Why should you sell your business? What is the process of selling your business?
In Built to Sell, businessman John Warrillow provides advice on how to make your small business sellable. The best way to do this is to build a business that runs on its own and accepting the best offer possible.
Keep reading to learn how to sell your business in the smoothest way.
Find the Right Company to Help Sell Your Business
Want to know how to sell your business? Once your company is in a good position to be sold, Warrillow claims you need to find a professional advisor. When searching for an advisor, there are two key aspects to consider: the size of the firm and their knowledge of your business specialty.
Finding a broker or firm that’s the right size for your business is important because it ensures they’ll have the right contacts and appreciate your specific needs. Warrillow advises using a business broker if your company does less than $2 million in annual sales, and a merger and acquisition firm if it does more than that. If a broker is too small for your company, they might not be able to find the companies that would give you the highest offer. If a firm is too big, they might view your business as less important than their bigger clients and not put in the effort to find the most suitable buyer. Instead, they’ll simply look to sell your company as quickly as possible, take their cut, and be on their way.
(Shortform note: Though they perform similar duties—help people sell and buy companies—there are some key differences between merger and acquisition (M&A) firms and business brokers. In general, business brokers operate on a smaller scale, brokering deals of single companies in a local or regional market. M&A firms are more likely to broker complex deals on a national or international scale. A business broker is also more likely to work for companies that are easy to evaluate and focus on getting the deal done for a predetermined compensation. M&A firms are more likely to help their clients after the deal is done and thus require additional payouts.)
Your advisor should also be well-acquainted with the industry your company specializes in. If it’s not, you run the risk of them overlooking or underappreciating the value you bring to that particular industry. If you have truly built something special, a broker or firm familiar with your industry will recognize that and fight for every dollar your company is worth.

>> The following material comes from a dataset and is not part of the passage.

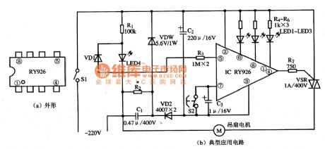 RY926 is the ceiling fan speed governing integrated circuit, which is widely used in the program control circuit of the ceiling fan and power adjusting and automatic light adjustment control of a variety of small household appliances. 1. Pin functions and data RY926 IC uses 8-pin dual in-line package, the pin functions and data are listed in Table. 2. The typical application circuit The ceiling fan speed control system typical application circuit composed of RY926 IC is shown as the chart.   (View)

(Shortform note: Warrillow’s advice to make sure your advisor knows your industry is similar to Peter Lynch’s investing advice in One Up On Wall Street. Lynch argues that the best investment opportunities are usually found in the places you’re most familiar with. If you like a company’s product and are well-acquainted with the industry, you’re more likely to accurately predict how well the company will perform. It seems that across the board, familiarity with companies and industries leads to better financial choices.)
Accept An Offer
The next and final step in selling a business is to accept an offer. Warrillow recommends knowing exactly what you want from a deal. This will make the decision easier. For example, have a minimum amount of money you’ll accept up front, with any performance fees or add-ons seen as a special bonus. If most of your compensation is based on how the company performs in the future, you may be forced to continue working for the company to ensure you get a proper payout. Knowing exactly what you want will help you stand firm if your business broker pushes for you to accept a lower deal just so they can get paid and move on.

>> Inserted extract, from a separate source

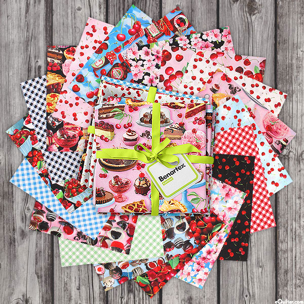 A summery set of fabulous fabrics come to life in this delightful pre-cut featuring delicate cherry blossom petals, gingham check tablecloths, and delectably ripe cherries. 'Cherry Hill' collection fat quarter pack by Benartex Fabrics. Pack includes nineteen fat quarters.

Additionally, be aware that when a company agrees to buy your business, they’ll want to do due diligence, and this can be a painstaking process for all involved. The due diligence process usually lasts about two to three months, and the buyer will carefully review every aspect of your company with a microscope. It’s not uncommon for a company to decrease their offer or pull out of a deal entirely after they’ve combed through your business. Don’t be discouraged if this happens, and stick to your guns if they offer less than what you think your company is worth.

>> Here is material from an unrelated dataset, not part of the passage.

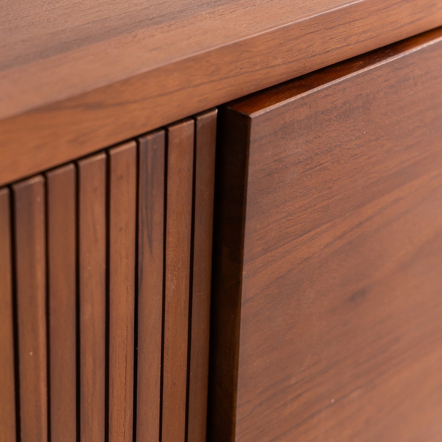 Le meuble TV suspendu 5 portes en teck est une solution à la fois pratique et élégante pour organiser votre salon. Son design moderne et sa finition en teck apportent une ambiance chaleureuse et naturelle, idéale pour des intérieurs contemporains.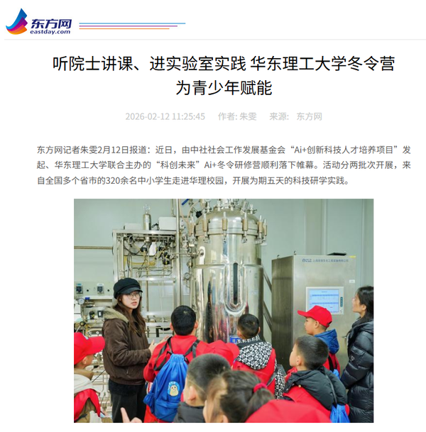 【东方网】听院士讲课、进实验室实践 华东理工大学冬令营为青少年赋能

(Shortform note: To get an idea of just how thorough the due diligence (DD) process can be, let’s look at some of the different types of due diligence that an acquiring company will perform. There’s financial DD, which looks at all the company’s finances in detail, such as financial statements, company projections, debt, inventory, and an analysis of customer accounts. There’s human resources DD, which analyzes all the employees, their benefits, labor disputes, HR policies, and any other employee-based information. An acquiring company will also do due diligence on administrative items, assets, environmental impact, taxes, legal processes, customers, and anything else they wish to look at.)
One way Horowitz advises that you can properly—and rationally—assess its value is to ask yourself if the market your company specializes in is bigger than anyone realizes, and if your company has a chance at being one of the top businesses in that market. If the answer is yes to either or both of these questions, you may be selling your company for much less than it’s truly worth.
More Advice On Selling Your Business
In The Hard Thing About Hard Things, Ben Horowitz states there are two sides to consider when selling a company: the rational side and the emotional side. Though Warrington doesn’t explicitly mention these, his advice on knowing what you want from a deal will incorporate both considerations: You should decide rationally what your company is worthwhile keeping in mind that your assessment may be influenced by your emotional attachment to it.